**BRIEF**
Pictures should be left out when the listing below is repeated word for word.

**SUPPLIED MATERIAL**
----

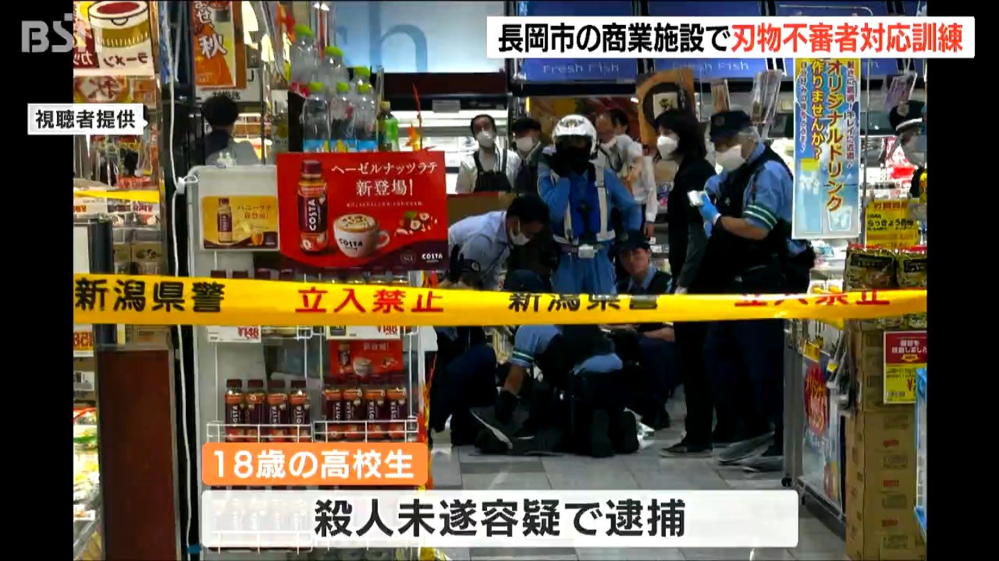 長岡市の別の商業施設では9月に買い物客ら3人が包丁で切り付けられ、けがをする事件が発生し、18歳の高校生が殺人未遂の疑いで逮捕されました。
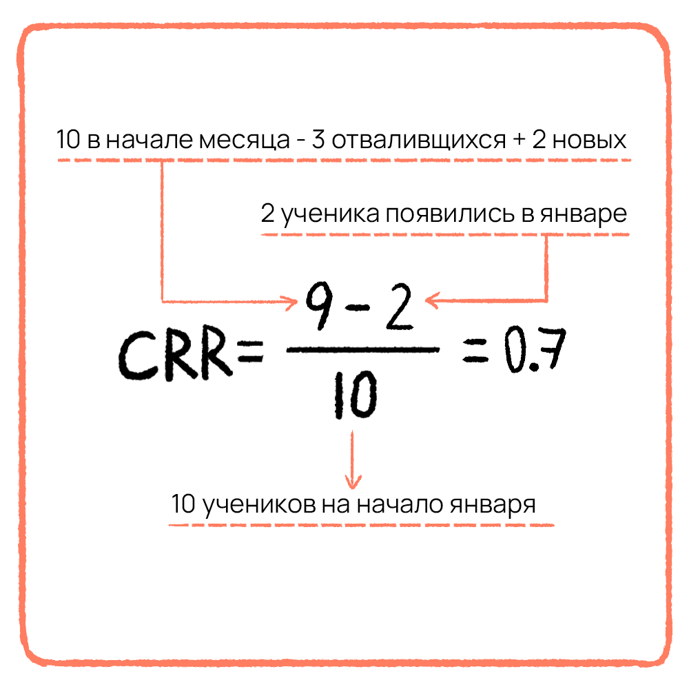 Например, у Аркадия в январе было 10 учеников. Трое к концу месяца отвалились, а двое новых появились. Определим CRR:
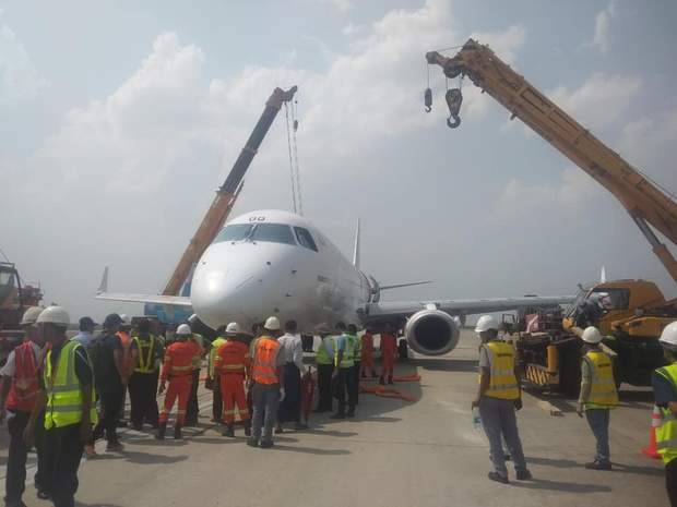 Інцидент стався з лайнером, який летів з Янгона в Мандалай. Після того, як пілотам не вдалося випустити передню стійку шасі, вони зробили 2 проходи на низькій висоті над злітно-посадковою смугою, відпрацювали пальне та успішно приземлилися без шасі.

----

**TASK RESULT**
 長岡市の別の商業施設では9月に買い物客ら3人が包丁で切り付けられ、けがをする事件が発生し、18歳の高校生が殺人未遂の疑いで逮捕されました。
 Например, у Аркадия в январе было 10 учеников. Трое к концу месяца отвалились, а двое новых появились. Определим CRR:
 Інцидент стався з лайнером, який летів з Янгона в Мандалай. Після того, як пілотам не вдалося випустити передню стійку шасі, вони зробили 2 проходи на низькій висоті над злітно-посадковою смугою, відпрацювали пальне та успішно приземлилися без шасі.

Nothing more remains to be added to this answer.